Karjalanpiirakat
When I lived in Finland they were pretty much everywhere and good ones are really nice. Since they're not really common in other parts of the world, here's the recipe I've been making for a while now.
Recipe
I used the following recipe as the base (they also have recipes for other fillings): https://www.martat.fi/reseptit/karjalanpiirakat
Ingredients Dough
- 150g water
- 3,75g salt
- 180g whole wheat rye flour (German: Roggenvollkornmehl)
- 60g wheat flour (type 405)
Ingredients Filling
- 160g short grain rice (I use normally Milchreis)
- 180g water
- 560g milk
- 1 egg (size L)
- ca. 1g of salt (depending a bit on preference and what you eat normally with them)
There might be still around 100g of filling left over, depending how much you fill them.
Equipment
- kitchen scale
- mixing bowl
- cooking pot
- oven
- 8cm diameter ring mold
- rolling pin
Step 1: The rice pudding
Combine water, milk, rice and salt in a pot. Bring to a boil and reduce the heat to low, reduce the heat to low and simmer with the lid on for about 30 minutes or until the rice looks done.
Step 2: The dough
Combine all the ingredients for the dough and cover in a bowl or cling film so that it doesn't dry out.

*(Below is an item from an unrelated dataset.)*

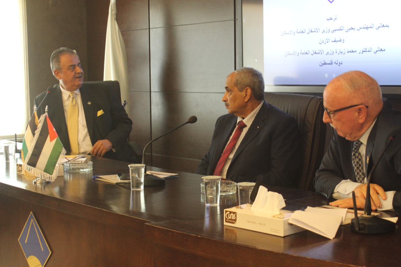 وأشاد الوزيران، بحضور أمين عام وزارة الأشغال بالوكالة، ومدير دائرة العطاءات الحكومية، ومدير عام مؤسسة الإسكان والتطوير الحضري، وأمين سر مجلس البناء الوطني، إلى جانب معنيين في الوزارة، والوفد المرافق لوزير الاشغال والاسكان الفلسطيني، بحسن الاستقبال واهمية اللقاء في مطلع حديثهما.

Step 3: Mixing the egg into the rice pudding
Once the rice pudding has cooled to under 57 °C, mix in the egg.
Step 4: Cutting the dough into discs
Although not the traditional way, rolling out the dough first and then cutting out the disc works really well.
Step 5: Rolling out and filling
Next, roll out the disc even flatter. There are a lot of different shapes for them, I like them to be a little bit oval.
Step 6: Crimping the edges
They are many techniques of crimping the edges. I like folding the sides over and pinching them from the center outwards.
Here an example video: https://www.youtube.com/watch?v=YXL29hMDuoE
Step 7: Baking and eating
Bake at 275°C (or pretty much the highest temperature of your oven) for about 14 minutes. Ideally you get some browning on the top and some light charring on the bottom, but not too much.
When eating directly brush the edges with either water or melted butter. I wouldn't do that if you are planning to freeze them. Eat them traditionally with egg butter (munavoi) or whatever you like.
Storage
Although they will probably keep for a while, my main strategy is to bake a lot of them at once and then freeze them. I just freeze them uncovered for 1-2 hours and then put them in sealable bags.
Reheating
There are many ways of reheating them again from frozen. In my experience either the oven or toaster works well. The microwave also technically works, but makes them a bit soggy which I don't like.